Wells Fargo will hold a conference call on Friday, October 3, 2008 at 6:30 a.m. .m (Pacific Time) to verify the acquisition. Investors can call 877-425-9480 (indoors) and (210) 689-8848 (international) with passcode 299254 or listen to it via the live audio webcast. The live audio webcast and presentation visuals will be available on www.wellsfargo.com/invest_relations/presents. The conference call is available until October 10, 2008 at (877) 660-6853 (indoors) and (201) 612-7415 (international). Enter account 286 and conference IDENTIFIANT 299254. The replay will also be available online. Wachovia is the result of a merger of Wachovia, based in Winston-Salem, North Carolina. and First Union Corporation, headquartered in Charlotte. As part of the agreement, Wells Fargo will acquire all of Wachovia`s outstanding common shares in a stock transaction.

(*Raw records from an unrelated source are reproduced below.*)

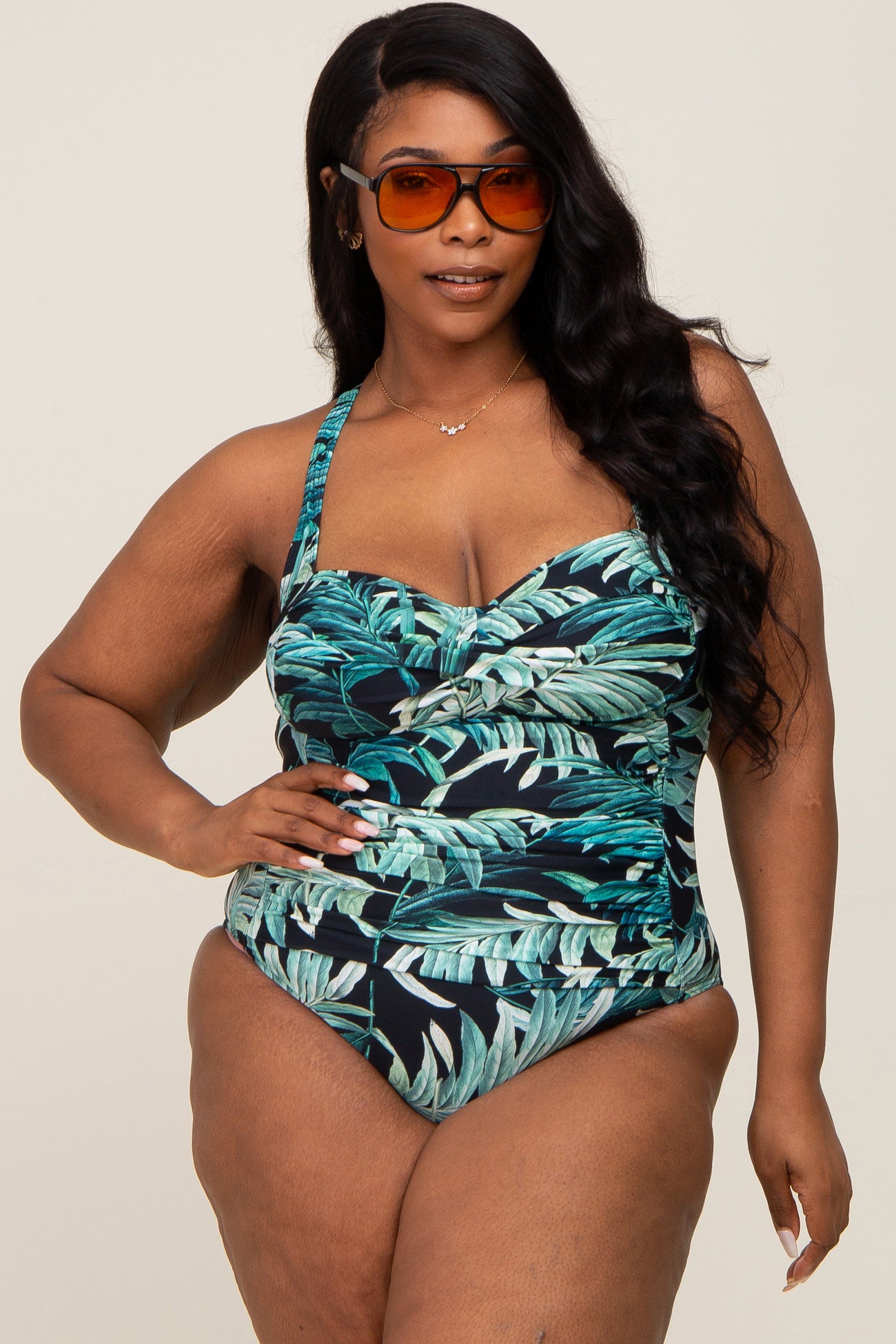 A palm print plus maternity one piece swimsuit featuring a ruched body, a padded bust and adjustable straps.
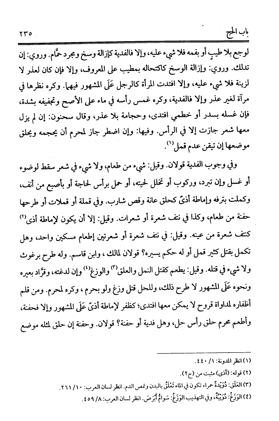 وفي وجوب الفدية قولان. وقيل: شيء من طعام، ولا شيء في شعر سقط لوضوء أو غسل وإن تبرد، وركوب أو تخلل لحيته, أو حمل برأس لحاجة أو بأصبع من أنف، وكملت بترفه وإماطة أذىً كحلق عانة وقص شارب. وفي قملة أو قملات أو طرحها حفنة من طعام، وكذا في نتف شعرة أو شعرات. وقيل: إلا أن يكون لإماطة أذى (¬2) كنتف شعرة من عينه. وقيل: في نتف شعرة أو شعرتين إطعام مسكين واحد، وهل تكمل بقتل كثير قمل أو له حكم يسيره؟ قولان لمالك , وابن قاسم. وله طرح برغوث ولا شيء في قتله. وقيل: يطعم كقتل النمل والعلق (¬3) والوزغ (¬4) وإن لدغته، وقرَّاد بعيره ونحوه عَلَى المشهور لا طرح ذلك، وللحل قتل وزغ ولو بحرم , وكره لمحرم. ومن قلم أظفاره لمداواة قروح لا يمكن معها افتدى؛ كظفر لإماطة أذىً عَلَى المشهور وإلا فحفنة، وأطعم محرم حلق رأس حل، وهل فدية أو حفنة؟ قولان. وحفنة إن حلق لمثله موضع
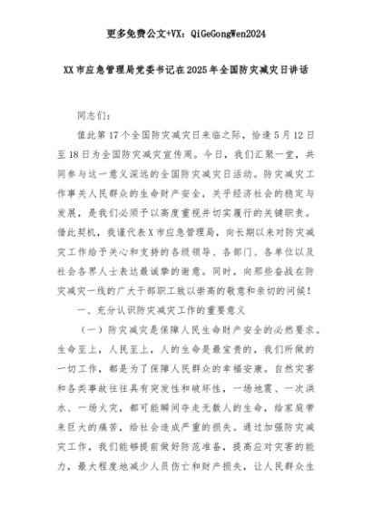 【七哥公文】2025年:XX市应急管理局党委书记在2025年全国防灾减灾日讲话+更多免费公文+VX:QiGeGongWen2024+更多免费公文+VX:QiGeGongWen2024
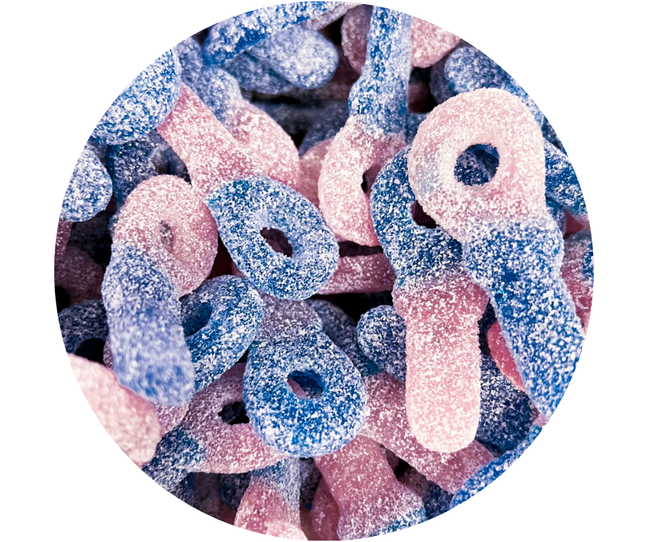 Ingrédients : sucre, sirop de glucose, amidon de BLÉ, eau, amidon de maïs modifié, acidifiants [E270, E296, E330, E350], amidon de pomme de terre modifié, correcteur d'acidité [EE500], arôme, colorant [E133], concentré de jus de carotte noire.
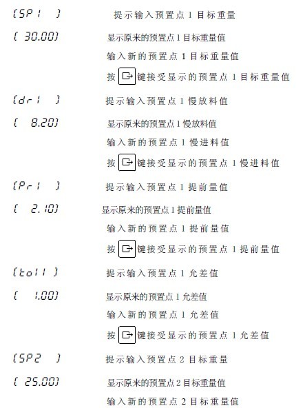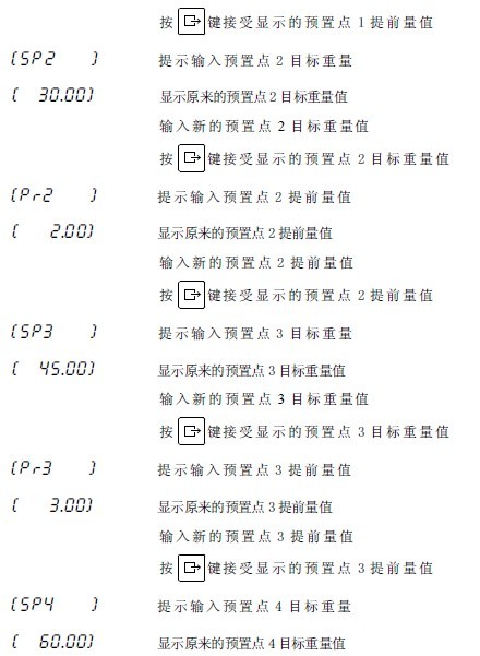 鍵,儀表進(jìn)入預(yù)置點參數(shù)輸入方式。按照軟開關(guān)設(shè)置參數(shù)42、43 和44的不同設(shè)置,ST300共有8 種組合。兩種常見的設(shè)置方式如下:
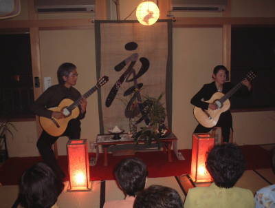 | 案内 | 日中は残暑の厳しいこの頃でございますが朝夕には秋を心待ちにした虫の音も聴こえるようになりました。中秋の名月には少し早いのですがお月見のコンサートを企画しました。 「寿庵」さんご用意のお月見の趣向と心尽くしのお料理をお楽しみいただき吉川二郎と野口久子のコンサートフラメンコギターで初秋のひとときをお過ごしいただきたくご案内いたします。 |
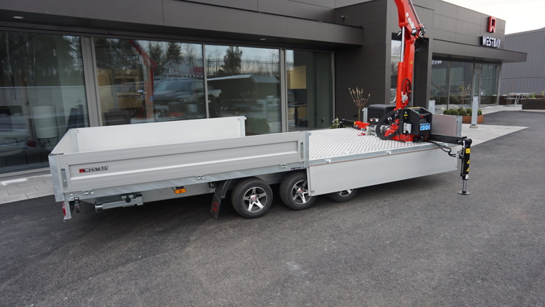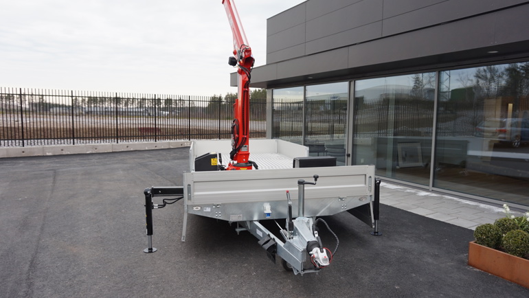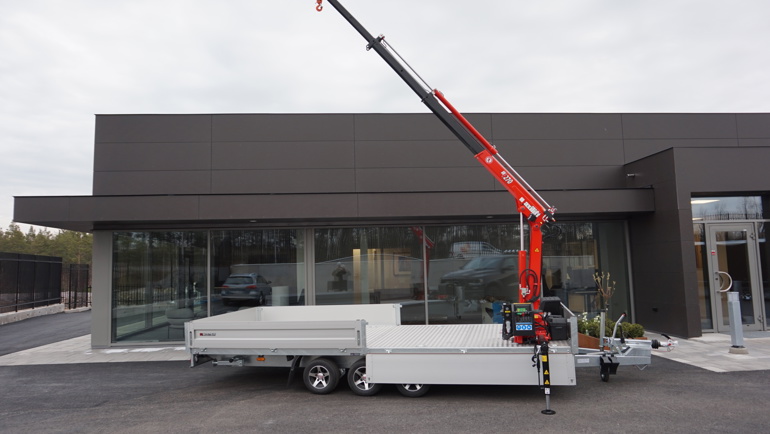 Vår flaksläpvagn Donna byggs i flertalet olika storlekar men flakmåttet 5020x2000 mm är ett av våra populäraste. Kunden i det här fallet var en uthyrningsfirma för byggmaskiner som behövde en vagn med hög lastkapacitet och lyfthjälp monterad. Vi byggde vagnen med totavikten 3500 kg, treaxlat chassi med 10-tumshjul på vår egen aluminiumfälg och något isärdraget axelavstånd. I främre delen av vagnen insallerade vi en lyftkran Maxilift 270.3 med tre hydrauliska utskjut och ett manuellt. Räckvidden är hela 5,2 meter och där kapaciteten 400 kg. Lägst in klarar kranen att lyfta 990 kg.
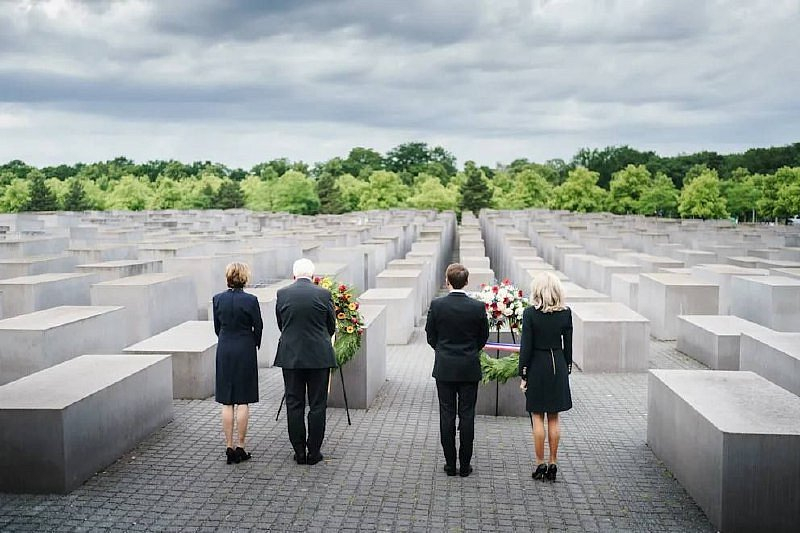 První dámy Německa a Francie se smějí u památníku holocaustuDruhý den státní návštěvy Emmanuela Macrona v Berlíně obě hlavy států navštívily památník holocaustu v centru města. Vůdci položili věnce a Macron zanechal záznam v pamětní knize.🤮

As part of the transaction, Wells Fargo will acquire all business lines and commitments of Wachovia Corporation, including its preferred capital and debt, as well as all bank deposits. On October 9, 2008, Citigroup abandoned its attempt to purchase bank assets from Wachovia, which led to the merger of Wachovia-Wells Fargo.

However, Citigroup sued $60 billion in receivables, $20 billion in compensation and $40 billion in punitive damages against Wachovia and Wells Fargo for alleged breach of the exclusivity agreement. [61] On November 19, 2010, Wells Fargo ended this $100 million dispute with Citigroup Inc. [62] Citigroup may have been pressured by the supervisory authorities to withdraw from the agreement; Bair supported Wells Fargo`s offer because it removed the FDIC from the image. Geithner was furious and claimed that the reversal of the FDIC would undermine the government`s ability to quickly rescue insolvent banks. However, Geithner`s colleagues at the Fed were not prepared to take responsibility for the sale of Wachovia. [47] The combined company has retained the Wells Fargo name and is headquartered in San Francisco. Charlotte, however, remained the headquarters of the company`s East Coast banks combined and Wachovia Securities remained in Charlotte. Three members of La Wachovia`s Board of Directors have joined Wells Fargo`s Board of Directors.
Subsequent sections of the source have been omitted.